→ Action item
Go through the following data and transcribe exactly the stretch of lines from the one holding "º¹Áö±âµ¿´ë¿øµéÀÌ µ¶°Å³ëÀÎ ÁÖ°Åȯ°æ" to the one holding "Russia's economy contracted", both included.

→ Data for this task
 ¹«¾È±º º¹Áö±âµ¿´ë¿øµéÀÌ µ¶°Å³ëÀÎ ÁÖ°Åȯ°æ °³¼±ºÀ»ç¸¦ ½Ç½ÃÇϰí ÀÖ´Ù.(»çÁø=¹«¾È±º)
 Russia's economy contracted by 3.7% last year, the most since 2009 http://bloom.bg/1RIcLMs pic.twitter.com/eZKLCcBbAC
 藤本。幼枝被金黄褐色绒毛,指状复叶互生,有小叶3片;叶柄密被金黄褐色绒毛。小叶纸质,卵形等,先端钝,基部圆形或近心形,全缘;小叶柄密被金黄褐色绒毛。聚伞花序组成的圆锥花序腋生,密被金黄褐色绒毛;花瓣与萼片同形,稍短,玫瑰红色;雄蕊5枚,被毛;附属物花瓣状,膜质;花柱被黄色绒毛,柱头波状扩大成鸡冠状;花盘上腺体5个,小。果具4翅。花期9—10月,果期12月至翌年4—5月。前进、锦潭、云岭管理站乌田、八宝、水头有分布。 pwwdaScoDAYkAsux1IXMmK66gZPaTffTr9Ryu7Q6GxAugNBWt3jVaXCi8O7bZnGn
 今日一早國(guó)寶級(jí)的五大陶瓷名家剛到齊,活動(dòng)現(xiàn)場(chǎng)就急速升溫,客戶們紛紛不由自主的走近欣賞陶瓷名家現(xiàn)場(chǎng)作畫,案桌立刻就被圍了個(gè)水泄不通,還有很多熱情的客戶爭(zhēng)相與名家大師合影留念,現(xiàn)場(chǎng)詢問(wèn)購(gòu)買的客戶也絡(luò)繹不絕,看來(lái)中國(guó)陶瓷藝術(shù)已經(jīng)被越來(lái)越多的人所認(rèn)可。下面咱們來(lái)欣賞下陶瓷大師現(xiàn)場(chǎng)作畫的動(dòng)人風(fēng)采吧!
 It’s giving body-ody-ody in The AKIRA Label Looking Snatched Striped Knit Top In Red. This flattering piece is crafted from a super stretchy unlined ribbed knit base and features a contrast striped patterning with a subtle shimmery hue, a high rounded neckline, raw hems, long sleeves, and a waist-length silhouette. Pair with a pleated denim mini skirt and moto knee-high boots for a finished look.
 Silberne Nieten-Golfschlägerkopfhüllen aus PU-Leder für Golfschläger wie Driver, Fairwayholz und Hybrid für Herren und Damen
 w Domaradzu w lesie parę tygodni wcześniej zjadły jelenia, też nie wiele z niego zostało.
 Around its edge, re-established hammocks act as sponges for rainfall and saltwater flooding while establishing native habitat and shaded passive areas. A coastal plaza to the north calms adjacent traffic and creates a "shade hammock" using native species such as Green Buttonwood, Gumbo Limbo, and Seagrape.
--
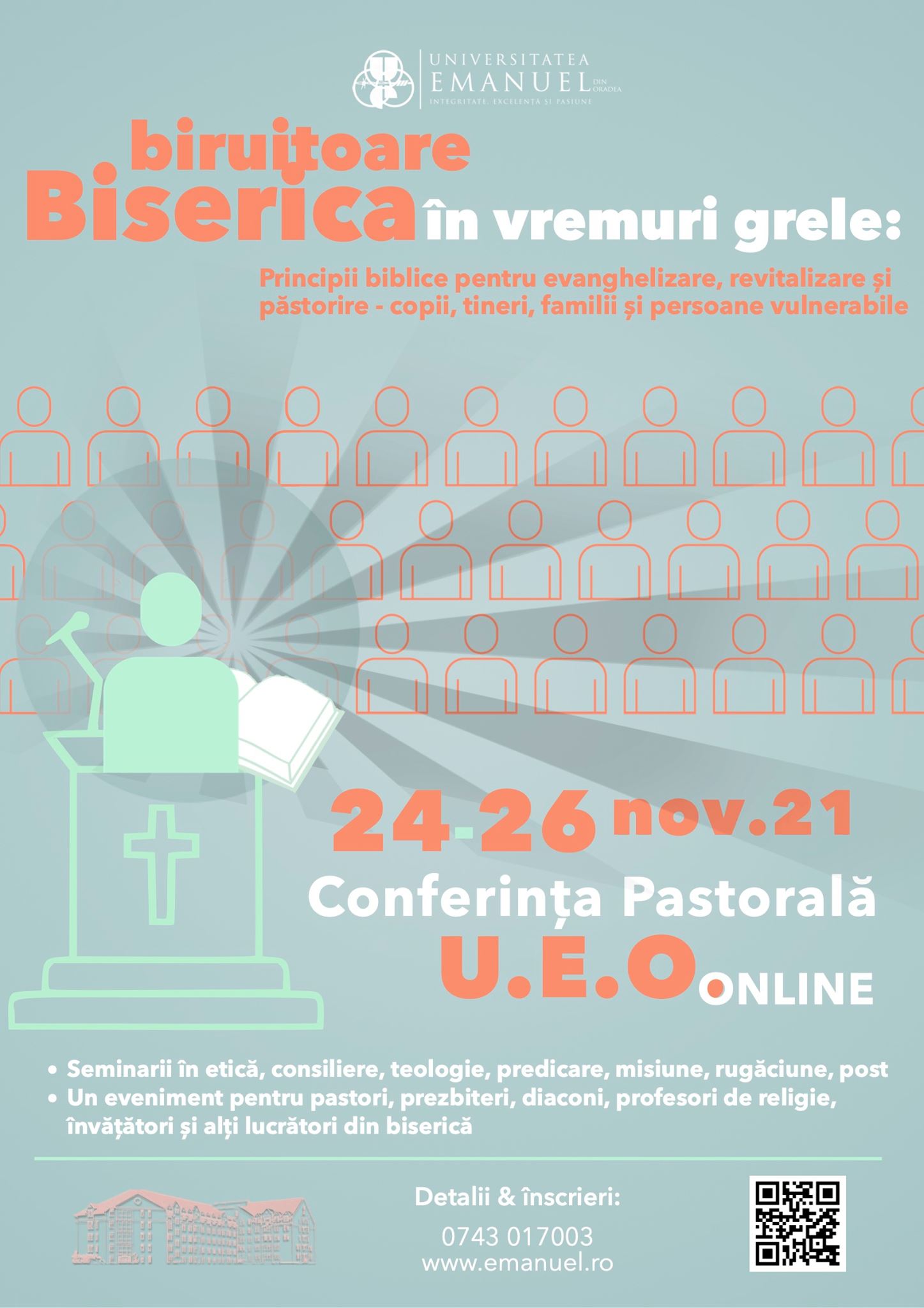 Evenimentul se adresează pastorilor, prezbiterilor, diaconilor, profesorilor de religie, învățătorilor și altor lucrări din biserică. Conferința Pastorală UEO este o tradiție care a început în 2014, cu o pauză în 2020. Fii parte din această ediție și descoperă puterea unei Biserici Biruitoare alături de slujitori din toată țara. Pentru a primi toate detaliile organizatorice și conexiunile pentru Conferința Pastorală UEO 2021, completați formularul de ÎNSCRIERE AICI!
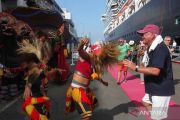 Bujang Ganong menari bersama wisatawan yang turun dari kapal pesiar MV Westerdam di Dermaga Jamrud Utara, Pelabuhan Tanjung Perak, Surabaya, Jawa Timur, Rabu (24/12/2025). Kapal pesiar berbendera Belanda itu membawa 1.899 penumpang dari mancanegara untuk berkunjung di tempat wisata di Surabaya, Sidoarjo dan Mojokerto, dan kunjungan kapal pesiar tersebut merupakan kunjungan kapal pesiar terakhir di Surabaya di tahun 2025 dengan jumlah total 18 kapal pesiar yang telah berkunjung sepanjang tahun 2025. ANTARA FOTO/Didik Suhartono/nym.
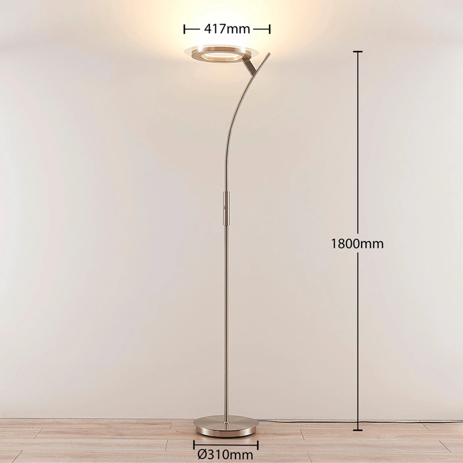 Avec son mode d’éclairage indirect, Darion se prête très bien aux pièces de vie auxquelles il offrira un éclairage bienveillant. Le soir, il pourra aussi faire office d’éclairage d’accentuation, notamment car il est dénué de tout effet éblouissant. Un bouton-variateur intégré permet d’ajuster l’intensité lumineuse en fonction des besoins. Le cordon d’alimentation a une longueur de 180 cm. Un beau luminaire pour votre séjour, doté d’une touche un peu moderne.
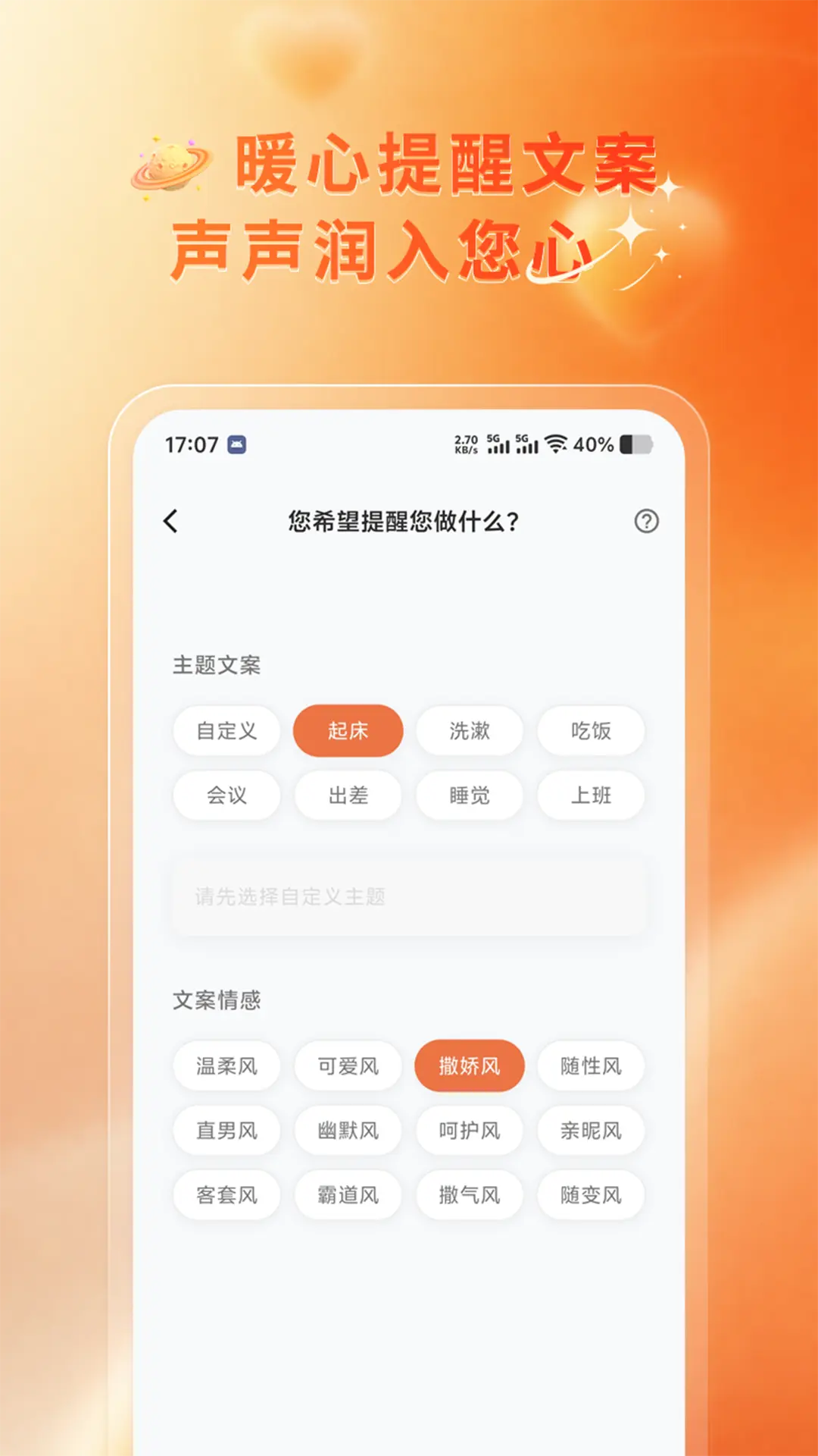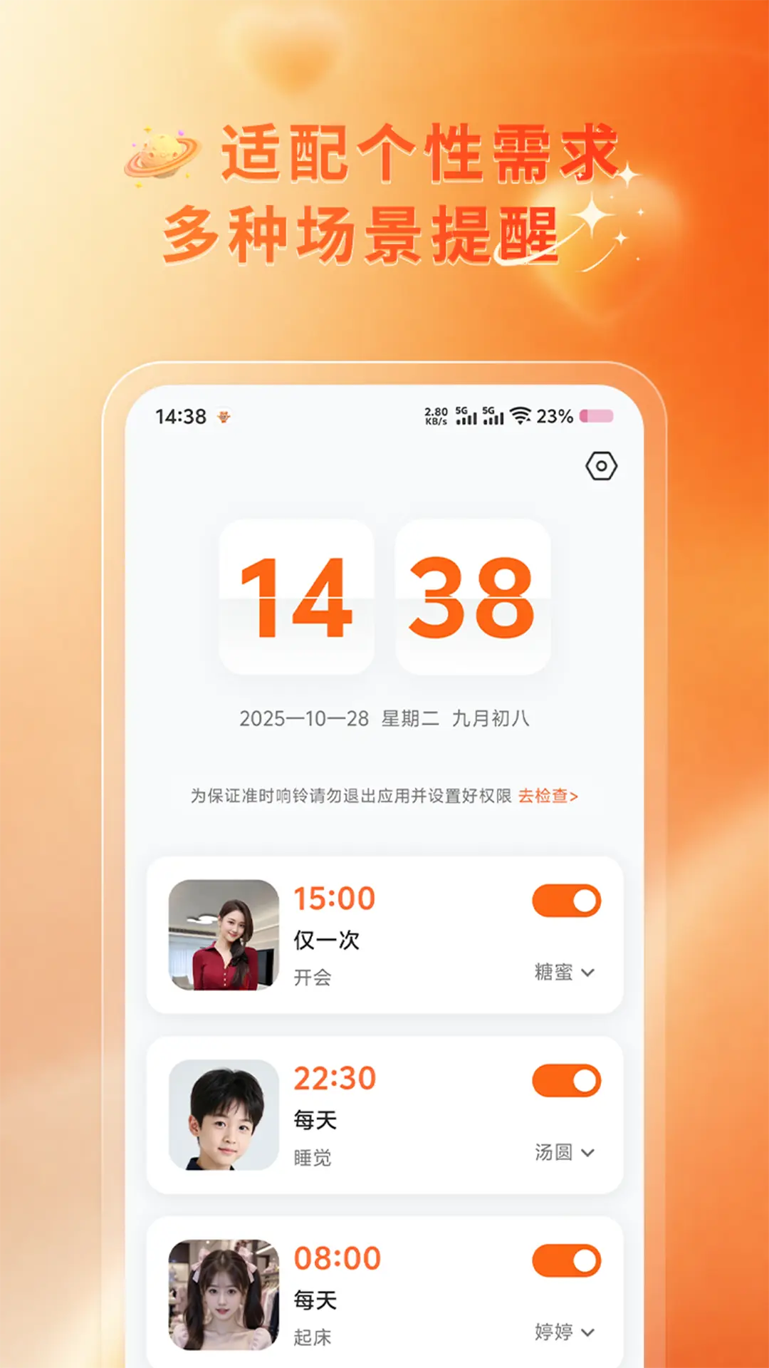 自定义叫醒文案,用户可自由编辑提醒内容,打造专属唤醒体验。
---
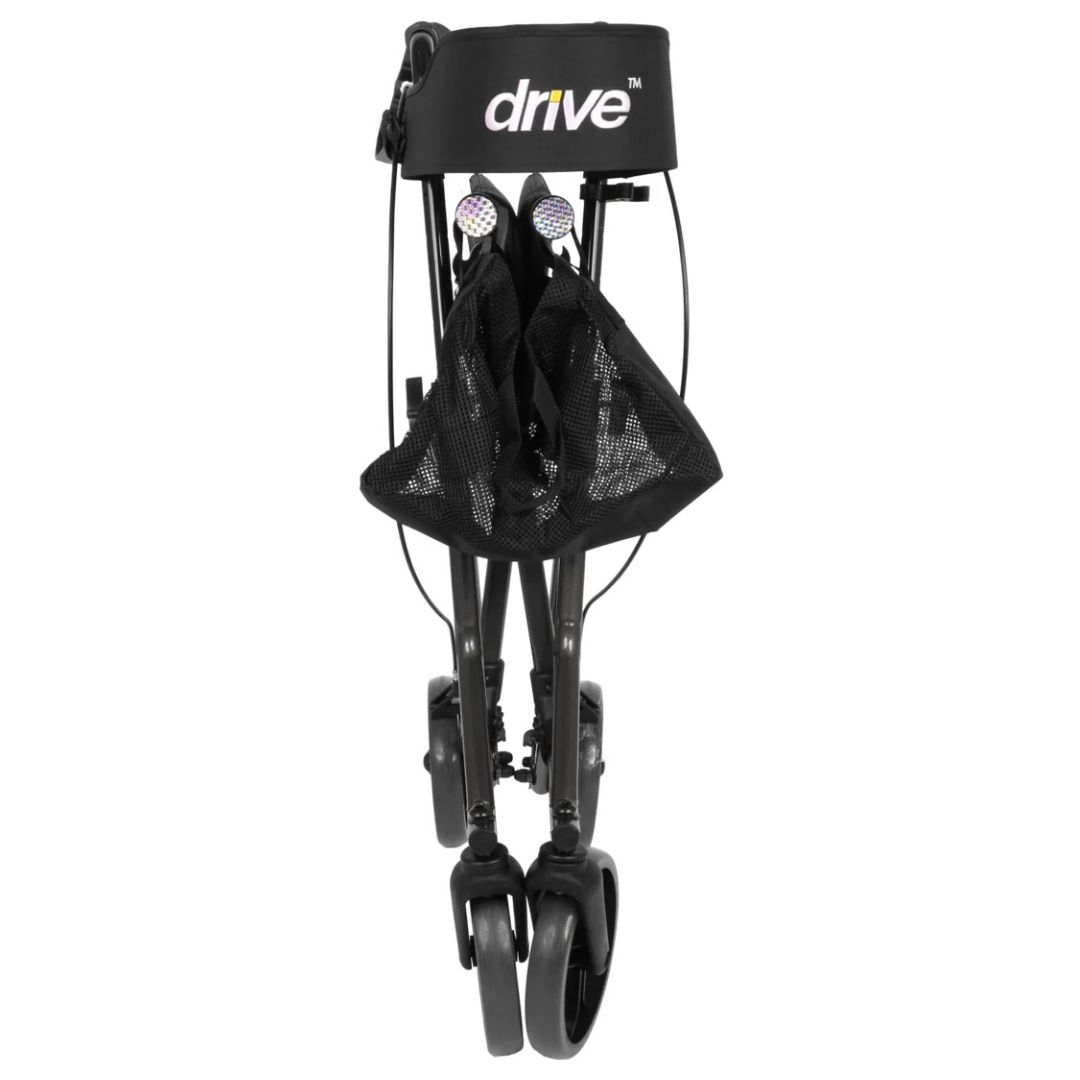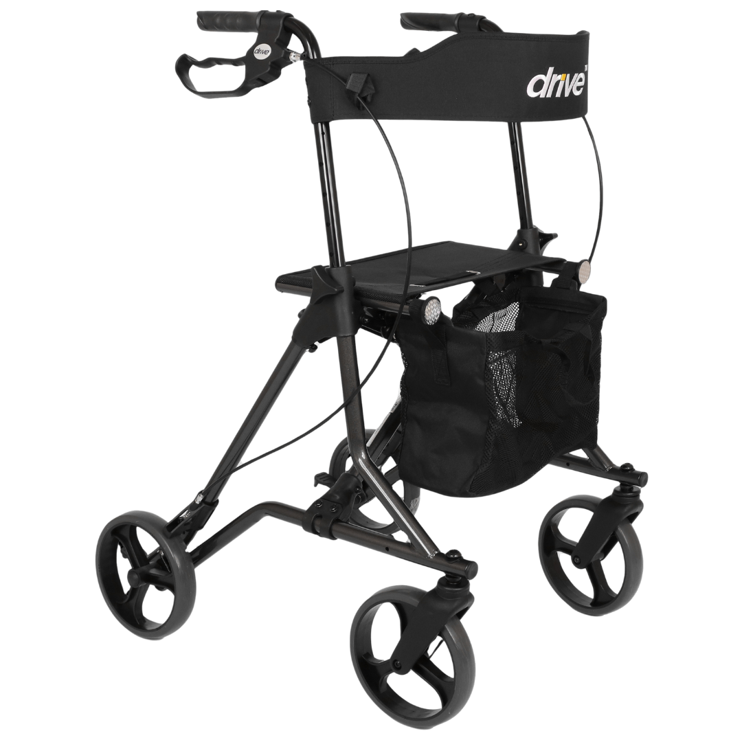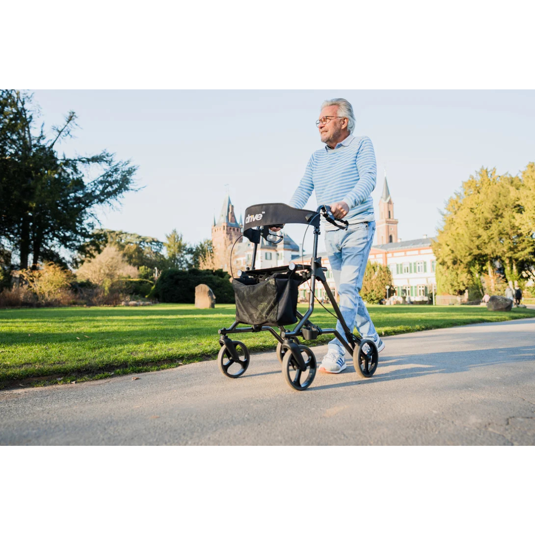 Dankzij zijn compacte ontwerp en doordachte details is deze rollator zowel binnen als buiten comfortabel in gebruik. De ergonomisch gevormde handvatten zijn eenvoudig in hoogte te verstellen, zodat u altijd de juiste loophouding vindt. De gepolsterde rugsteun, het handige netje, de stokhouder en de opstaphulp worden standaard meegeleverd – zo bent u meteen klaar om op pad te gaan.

→ Answer section
 ¹«¾È±º º¹Áö±âµ¿´ë¿øµéÀÌ µ¶°Å³ëÀÎ ÁÖ°Åȯ°æ °³¼±ºÀ»ç¸¦ ½Ç½ÃÇϰí ÀÖ´Ù.(»çÁø=¹«¾È±º)
 Russia's economy contracted by 3.7% last year, the most since 2009 http://bloom.bg/1RIcLMs pic.twitter.com/eZKLCcBbAC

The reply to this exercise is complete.